TASK TO COMPLETE: Within the entries below, output exactly the lines between the line containing "A spacious Bali-style" and the line containing "Python позволяет узнать", inclusive, and omit any picture.

DATA SHOWN Start Marker

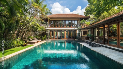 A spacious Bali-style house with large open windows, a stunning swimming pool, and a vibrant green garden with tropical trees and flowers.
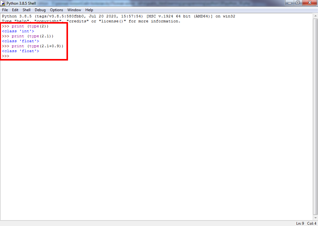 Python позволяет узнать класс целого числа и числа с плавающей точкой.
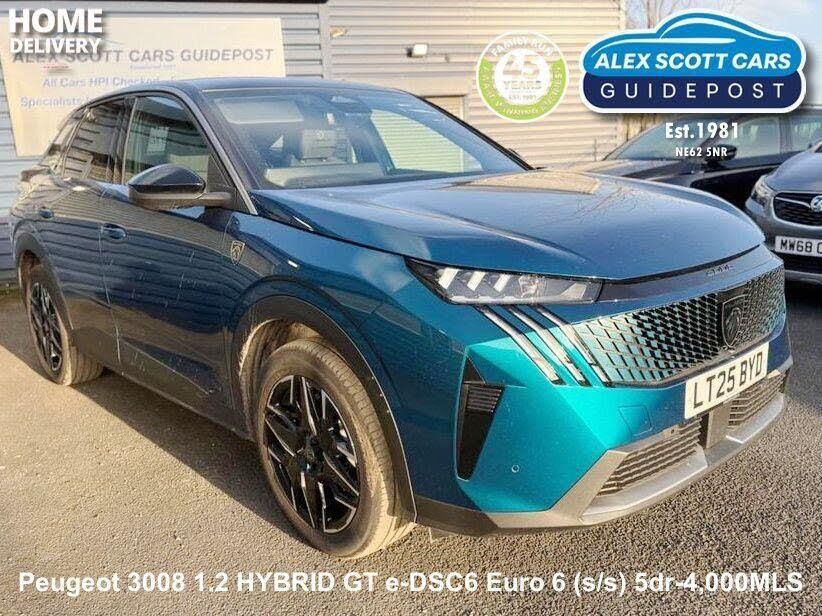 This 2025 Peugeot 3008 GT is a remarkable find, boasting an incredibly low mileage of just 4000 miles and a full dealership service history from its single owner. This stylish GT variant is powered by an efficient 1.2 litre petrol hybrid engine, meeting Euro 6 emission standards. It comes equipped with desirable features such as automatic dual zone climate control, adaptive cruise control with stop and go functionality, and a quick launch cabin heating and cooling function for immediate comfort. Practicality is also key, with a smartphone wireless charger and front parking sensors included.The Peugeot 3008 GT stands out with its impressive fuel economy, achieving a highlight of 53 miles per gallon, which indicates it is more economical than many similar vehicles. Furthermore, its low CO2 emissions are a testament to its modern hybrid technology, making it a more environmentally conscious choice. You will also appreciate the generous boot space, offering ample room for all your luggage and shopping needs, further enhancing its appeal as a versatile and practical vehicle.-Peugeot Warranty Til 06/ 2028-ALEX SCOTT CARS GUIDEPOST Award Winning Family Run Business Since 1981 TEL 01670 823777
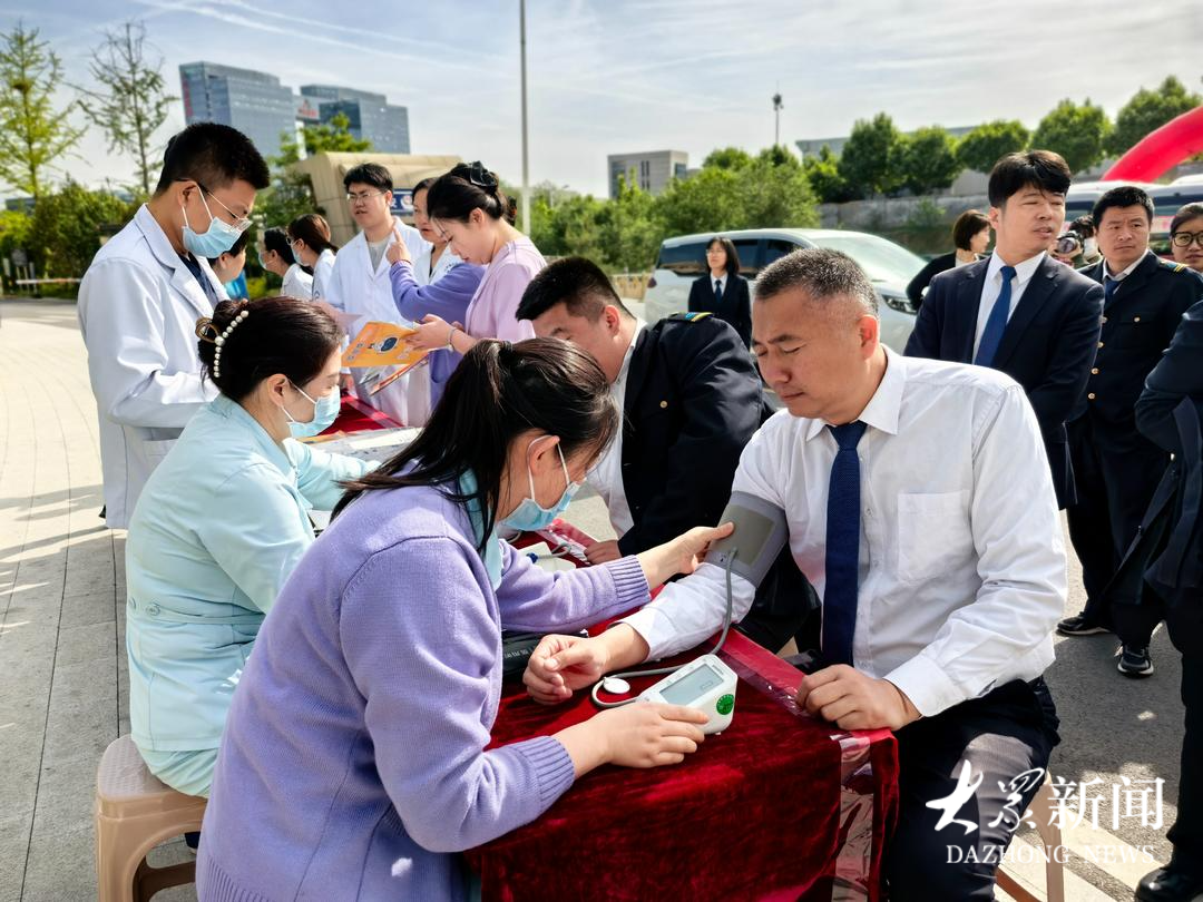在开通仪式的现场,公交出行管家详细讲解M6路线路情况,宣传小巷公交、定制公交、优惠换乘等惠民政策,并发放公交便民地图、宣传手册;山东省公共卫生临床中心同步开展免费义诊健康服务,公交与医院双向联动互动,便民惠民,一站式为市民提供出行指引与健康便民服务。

DATA SHOWN End Marker
DATA SHOWN Start Marker

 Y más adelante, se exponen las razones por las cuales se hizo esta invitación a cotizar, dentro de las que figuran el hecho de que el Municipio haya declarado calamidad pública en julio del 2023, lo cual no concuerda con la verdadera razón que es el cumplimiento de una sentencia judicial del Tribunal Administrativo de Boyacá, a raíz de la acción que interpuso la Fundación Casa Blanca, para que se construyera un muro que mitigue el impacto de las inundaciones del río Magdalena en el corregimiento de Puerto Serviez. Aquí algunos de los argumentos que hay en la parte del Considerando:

DATA SHOWN End Marker

YOUR SOLUTION:
 A spacious Bali-style house with large open windows, a stunning swimming pool, and a vibrant green garden with tropical trees and flowers.
 Python позволяет узнать класс целого числа и числа с плавающей точкой.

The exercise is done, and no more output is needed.